§ **Materials provided**:
=== Begin Enclosure ===

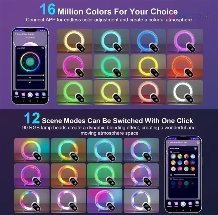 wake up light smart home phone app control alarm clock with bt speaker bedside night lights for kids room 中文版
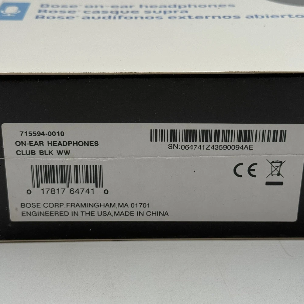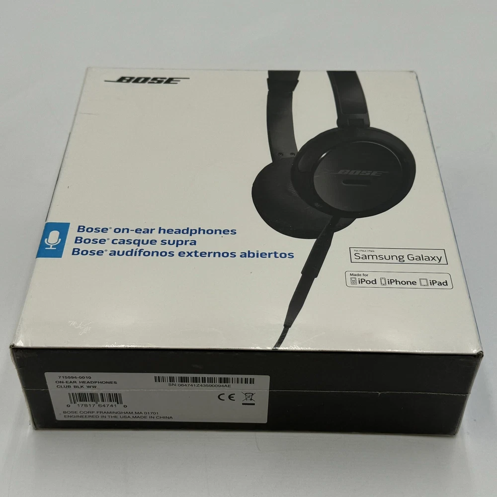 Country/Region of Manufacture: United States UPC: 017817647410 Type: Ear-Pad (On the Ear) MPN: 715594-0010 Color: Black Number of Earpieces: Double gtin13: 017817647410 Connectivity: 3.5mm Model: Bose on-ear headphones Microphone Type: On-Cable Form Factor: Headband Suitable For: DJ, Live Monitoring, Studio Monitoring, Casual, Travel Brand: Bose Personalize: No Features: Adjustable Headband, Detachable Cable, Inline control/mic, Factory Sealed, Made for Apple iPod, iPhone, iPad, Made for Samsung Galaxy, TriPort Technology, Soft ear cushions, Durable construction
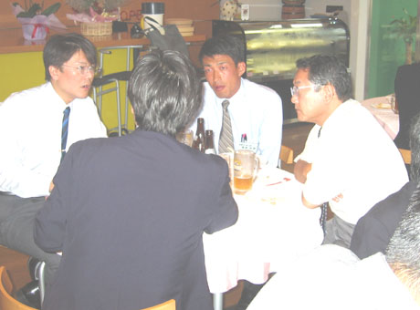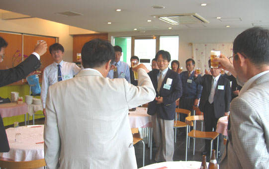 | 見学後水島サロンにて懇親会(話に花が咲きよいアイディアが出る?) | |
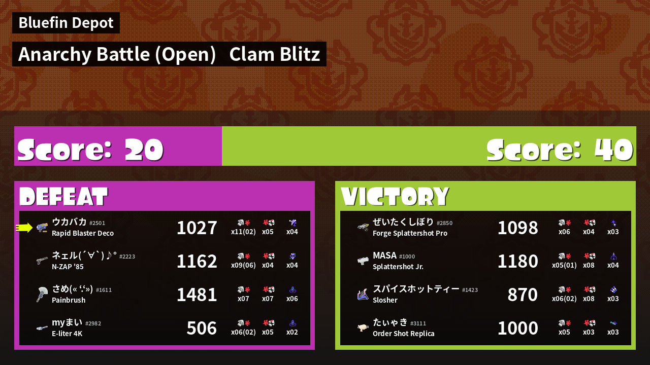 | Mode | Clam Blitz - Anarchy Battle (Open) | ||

=== End Enclosure ===
=== Begin Enclosure ===

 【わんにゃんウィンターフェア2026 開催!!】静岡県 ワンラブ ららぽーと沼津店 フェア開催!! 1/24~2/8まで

=== End Enclosure ===

§ **Problem requirements**: In the data above, find the line containing "見学後水島サロンにて懇親会(話に花が咲きよいアイディアが出る?) | |" and the line containing "Battle (Open) | ||". Repeat those two lines and everything between them exactly, minus the pictures.

§ **Output of the task**:
 | 見学後水島サロンにて懇親会(話に花が咲きよいアイディアが出る?) | |
 | Mode | Clam Blitz - Anarchy Battle (Open) | ||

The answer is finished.